Reporter: Dian Sari Pertiwi | Editor: Wahyu T.Rahmawati
KONTAN.CO.ID - JAKARTA. Sentimen negatif membayangi emiten yang berbisnis minyak. Harga minyak mentah West Texas Intermediate (WTI) melorot hingga US$ 68,30 per barel, Selasa (24/7). Padahal, akhir bulan lalu, harga sempat bertengger di US$ 74,15 per barel.
Tren penurunan harga minyak tak lepas dari kekhawatiran pasokan berlebih di pasar global. Ini lantaran Arab Saudi dan sejumlah negara berencana mengerek produksi untuk mengimbangi penurunan suplai dari Iran.
Penurunan harga minyak berimbas pada melemahnya harga saham sejumlah emiten minyak.
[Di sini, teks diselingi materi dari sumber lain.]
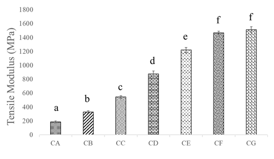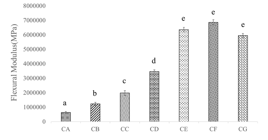 Figure 8 Flexural moduli of the biopolymer composites developed from TPS and PBS reinforced with various RSF; CA = 0 % RSF, CB = 10 % RSF, CC = 15 % RSF, CD = 20 % RSF, CE = 25 % RSF, CF = 30 % RSF, and CG = 35 % RSF, Data are shown as mean ± SD for 5 replications. Bars having different letters are significantly different at p < 0.05.
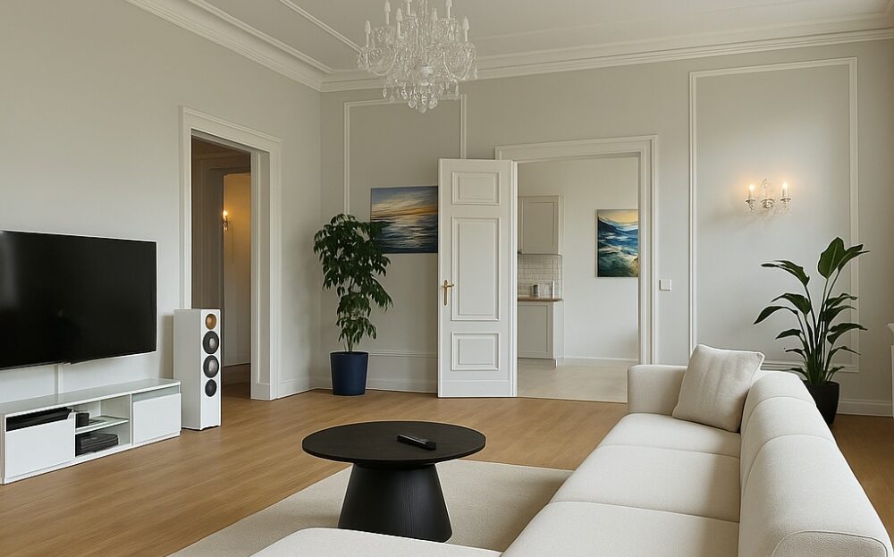 Na 5 pokoi składają się jasne i wysokie wnętrza z dużymi nowymi oknami, które dają wiele możliwości aranżacyjnych – idealne zarówno dla rodziny, jak i pod prestiżowe biuro.

Dalam tiga minggu terakhir, harga empat saham emiten minyak terjungkal. Saham MEDC turun 25,70%, ELSA terpangkas 24,66% dan BIPI minus 35,37%. Saham ENRG tergerus paling dalam, yakni sebesar 50,41%.
Analis Artha Sekuritas Juan Harahap mengatakan, penurunan harga minyak dunia berdampak pada harga jual yang rendah. "Jadi, perusahaan mengkaji ulang pengeluaran operasional dan berdampak pada melambatnya aktivitas migas. Ini juga mempengaruhi kinerja perusahaan jasa migas," kata dia, kemarin.
Senior Analyst Research Division Anugerah Sekuritas Indonesia Bertoni Rio memprediksi, hingga akhir tahun ini, harga saham emiten minyak masih akan tertekan. "Pergerakan harga spot minyak mentah lebih banyak mempengaruhi dibanding faktor internal emiten," ujar dia.
Menurut Bertoni, harga minyak mentah memang tak selalu mempengaruhi harga saham emiten minyak. Tapi, ekspektasi pasar sering dipengaruhi oleh sentimen eksternal, sehingga kerap membayangi pergerakan saham.
Rio menilai, tergerusnya harga saham keempat emiten itu dipicu sejumlah sentimen negatif, antara lain kecemasan terhadap tensi perang dagang dan penguatan dollar AS.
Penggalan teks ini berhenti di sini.